[1345] in java-interest
Re: Commercial view of Java ...
daemon@ATHENA.MIT.EDU (Rawn Shah)
Wed Aug 30 17:14:18 1995
From: Rawn Shah <rawn@rtd.com>
To: Michael.D.Byrne@norwest.com (Michael D. Byrne)
Date: Wed, 30 Aug 1995 11:28:42 -0700 (MST)
Cc: java-interest@java.sun.com
In-Reply-To: <30438a8b2006002@nwhub1.norwest.com> from "Michael D. Byrne" at Aug 29, 95 04:45:48 pm
:
: So, what would I like to see in Java?
:
: 1. Persistence of objects at the workstation in a way more elegant than cache.
Interesting but I do not think necessary for every instance. I think it
may cause unnecessary load for temporary objects. Unfortunately, there isn't
multiple inheritance. If there was, subclass Object to become persistent
and inherit this as well as any other class to make it work inside your
prog.
:
: 2. Automatic versioning of applets!! Get a new one if & only if you need
: to, automatically.
This I like.
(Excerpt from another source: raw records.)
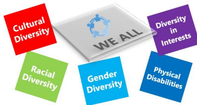
5 Major elements of our diversity programs

We have considered multiple factors to establish procedures to create a culture that's equitable and supportive, and free from discrimination and workplace harassment for every employee. Our established procedures focuses on five (5) elements of diversity areas that brings diverse viewpoints and perspectives to the company, helping us deliver finest services to our customers.
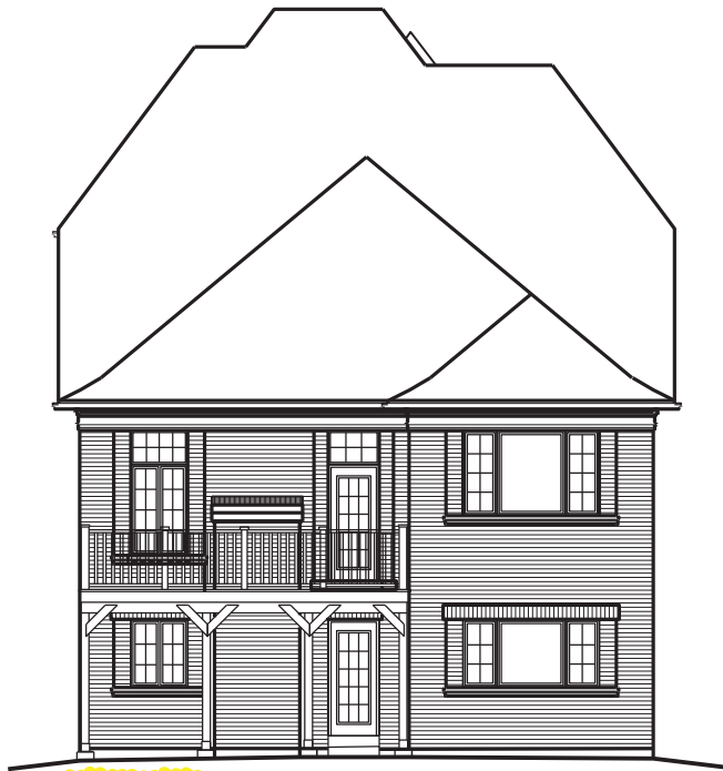
LOT NUMBER: 102 UNIT NAME: MAPLEWOOD ELEVATION: A (REV) UNIT NUMBER: 4201
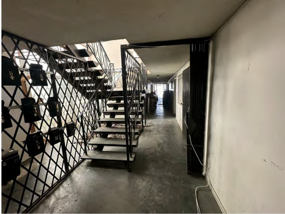
1st Floor Main Hallway and Staircases
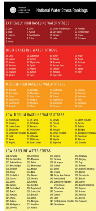
Water Stress Rankings by Country from the World Resources Institute.
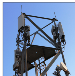
Remote Radio Head
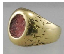
Lot # 459

459 Yellow gold United States Navy graduation ring.
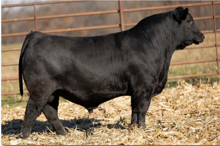
IRON CREEK SURPASS 3296M Sells as Lot 70.

This bull's sire, BJ Surpass, is an Angus breed-leader for maternal and foot strength-and this bulls shows it. 3296M has as good a set of EPDs as you will find-with top 10-15% calving ease and growth traits and top 1-5% maternal traits. And look at him! Outstanding phenotype- the type of bull you are proud to have in your pasture- and he is an age advantaged fall bull!
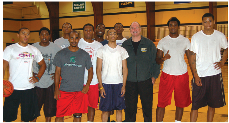
Mott Community College Basketball Team

For athletes needing physical therapy before returning to play,
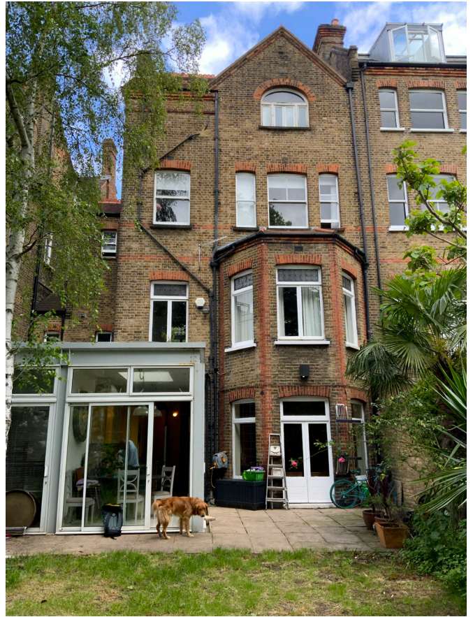
Photos of existing site

Versioning of applets may be quite important in some cases.
Unfortunately, the problem comes around to the fact that who will decide
how to create the version numbers if there are several copies running
around. Another one: In the case of a Web applet, do you enter the
version number at the APP tag or inside the class? If inside the class,
it'll download the entire class to look at the version number anyway.
:
: 3. People use a whole desktop, not necessarily just your application. Need
: OLE or some good way to move applet data into a spreadsheet or
: correspondence system or word processor (and no, I don't want to get a new
: Java-based word processing package when we have 20,000 people to retrain.)
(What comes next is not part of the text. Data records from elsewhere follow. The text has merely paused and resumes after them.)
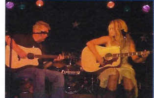
Nashville Nightlife Dinner Theater.
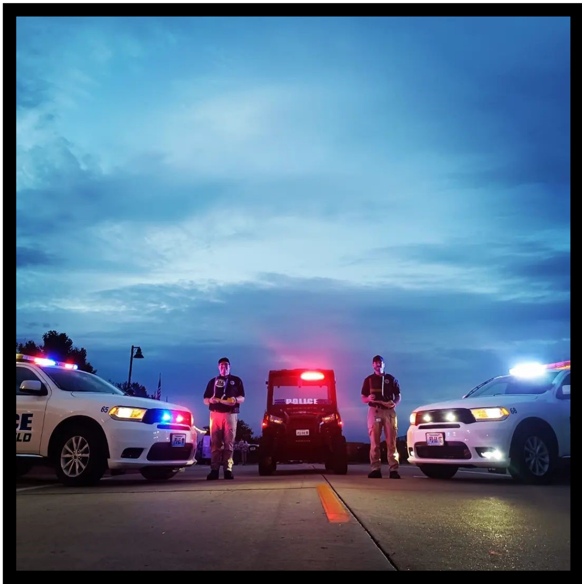
Two of our Volunteers In Police Service (VIPS) ready for action with Collection Boots at the Ed Nestor Memorial Backstoppalooza concert benefiting BackStoppers.
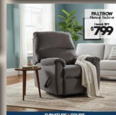
FURNITURE + COURT
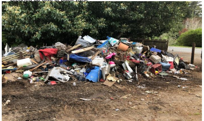
Stock pile trash and debris for load out.
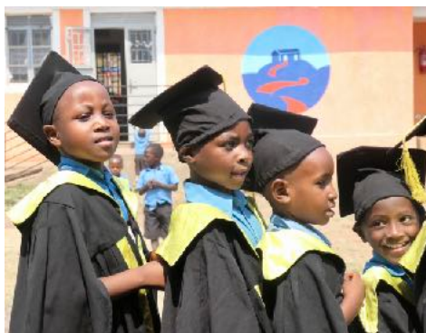
Kindergarten graduation 2025
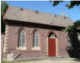
ST PAULS CHURCH OF ENGLAND SOHE 2008
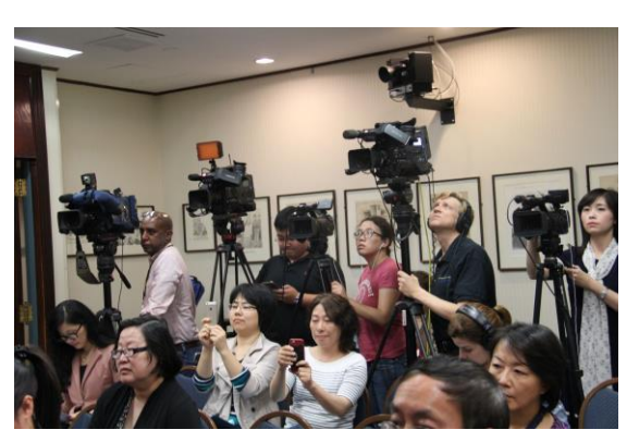
News Crew and Supporters
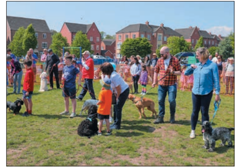
Dogs in competition
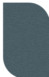
363-2604 STONE BLUE
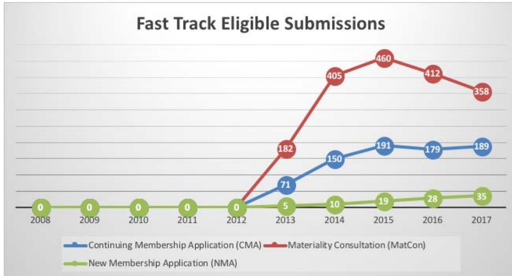
Figure 3: Number of NMA, CMA and MatCon submissions eligible for Fast Track review, on an annual basis, for the period of 2008 through 2017.

After the Department considers various factors as described in proposed Rule 1112.01, an application may be eligible to undergo Fast Track review. As an option that is provided to the applicant, FINRA believes that a firm is likely to agree to the expedited processing if the incurred cost savings are deemed to be greater than the increased costs ( e.g. , faster turnaround times for document requests) resulting from the expedited nature of the process. However, some firms may not want to expedite the application, as they will deem that such a process will not provide a net benefit and thus opt to go through the standard processing track. Shortening the timelines could potentially benefit the investor community by enabling the firms to provide services to their customers more quickly. As with the other efficiency improving process changes, risks to investors could arise from the expedited nature of the process, potentially leading to applications being approved that should not have been.

: Co-existence with Microsoft.
YES! YES! Sorry about the excitement. I've been yelling about this over
and over again. We need some kind of communications between classes at the
user interface and network level, not just the code level. I don't know
about reimplementing OLE because it uses a lot of elements that may not
be useful. I think we may need to look at and possibly implement several
object management features like OLE and CORBA.
:
: 4. Maintainable, supportable, debuggable, testable code and tools. Fancy
: coders are more often a liability than an asset in the long run to my kind
: of company. So, no operator overloading. Other non-rocket-scientist
: members of the team must be able to easily read/modify the code.
:
I believe that is coming down the road. One think I was wondering is if
in the light of the drag-n-drop world of today, anyone is interested in
working on a visual coding environment?
: 5. A good way to (authenticated and encrypted) get to "legacy" data --
: ODBC, DRDA.
More interfaces to create.
:
: 6. A better way to build end-to-end applications; maybe a
: publish-and-subscribe approach like ISIS or Technekron integrated into Java.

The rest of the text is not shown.